Das Bundesamt hat ein ordnungsgemäßes Ermittlungsverfahren geführt, dessen Ergebnisse das Bundesverwaltungsgericht teilt und denen die Beschwerde nicht substantiiert entgegengetreten ist; auch sind die Länderfeststellungen noch hinreichend und aktuell. Daher konnte - bzw. könnte selbst für den Fall, dass ein entsprechender Antrag erstattet worden wäre - auf die Durchführung einer mündlichen Verhandlung verzichtet werden.

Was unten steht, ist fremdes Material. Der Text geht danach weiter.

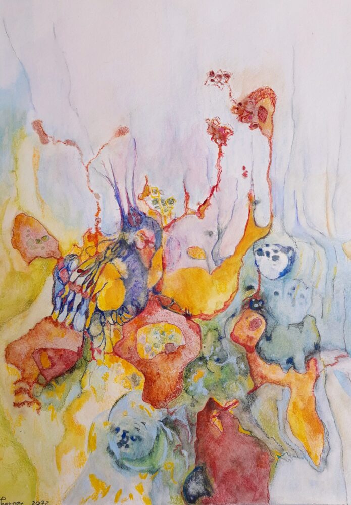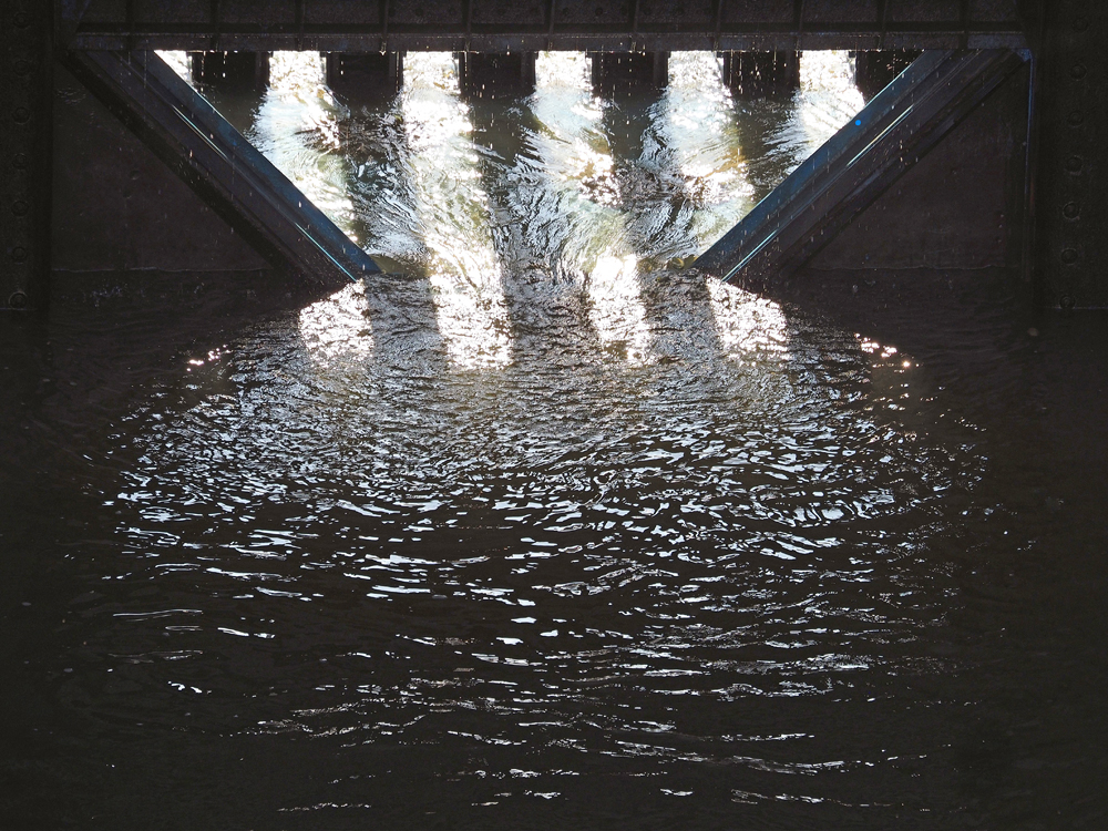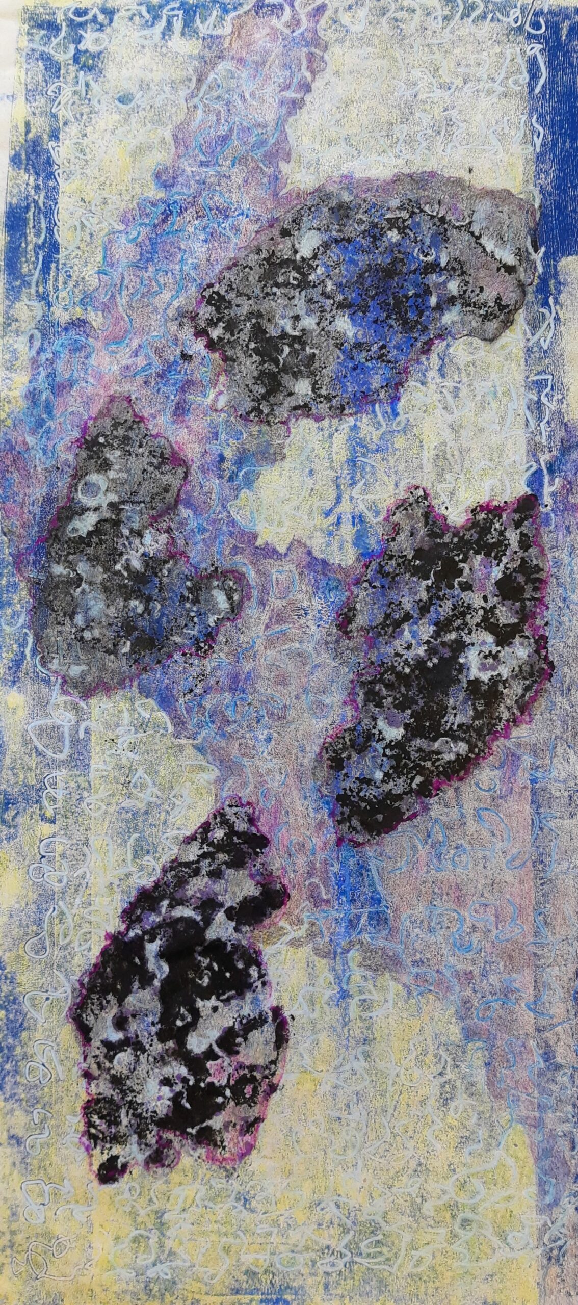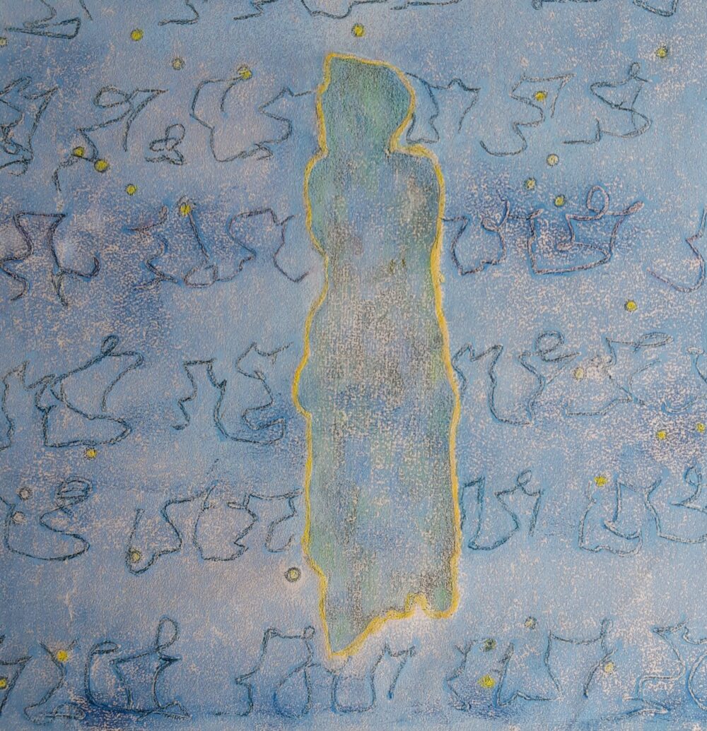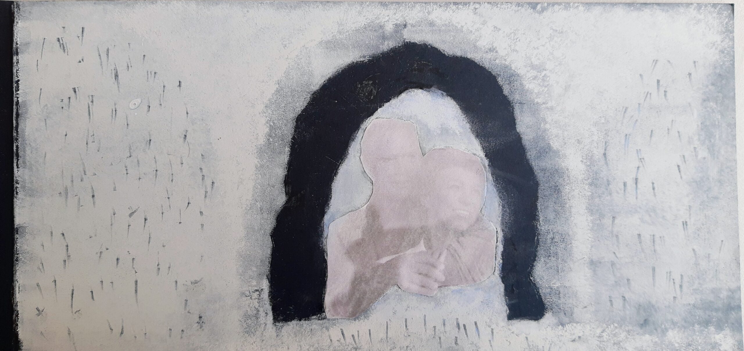 Het werk dat in het kunsthuis hangt, maakt deel uit van een serie. Ik vond een stuk aluminium in de vorm van een vrouw aan de oever van de rivier. Deze vorm gebruikte ik voor de serie van zes werken.

Zu B) Unzulässigkeit der Revision:
Gemäß § 25a Abs. 1 Verwaltungsgerichtshofgesetz (VwGG) hat das Verwaltungsgericht im Spruch seines Erkenntnisses oder Beschlusses auszusprechen, ob die Revision gemäß Art. 133 Abs. 4 B-VG zulässig ist. Der Ausspruch ist kurz zu begründen.
Die Revision ist gemäß Art. 133 Abs. 4 B-VG nicht zulässig, weil die Entscheidung nicht von der Lösung einer Rechtsfrage abhängt, der grundsätzliche Bedeutung zukommt. Weder weicht die gegenständliche Entscheidung von der bisherigen Rechtsprechung des Verwaltungsgerichtshofes ab, noch fehlt es an einer Rechtsprechung; weiters ist die vorliegende Rechtsprechung des Verwaltungsgerichtshofes auch nicht als uneinheitlich zu beurteilen. Auch liegen keine sonstigen Hinweise auf eine grundsätzliche Bedeutung der zu lösenden Rechtsfrage vor.
Das Bundesverwaltungsgericht hat sich in der oben begründeten Entscheidung auf die Rechtsprechung des Verwaltungsgerichtshofes gestützt und diese im Erkenntnis auch zitiert. Es ist aus Sicht des Bundesverwaltungsgerichts keine Rechtsfrage offen, sodass die Revision nicht zulässig ist.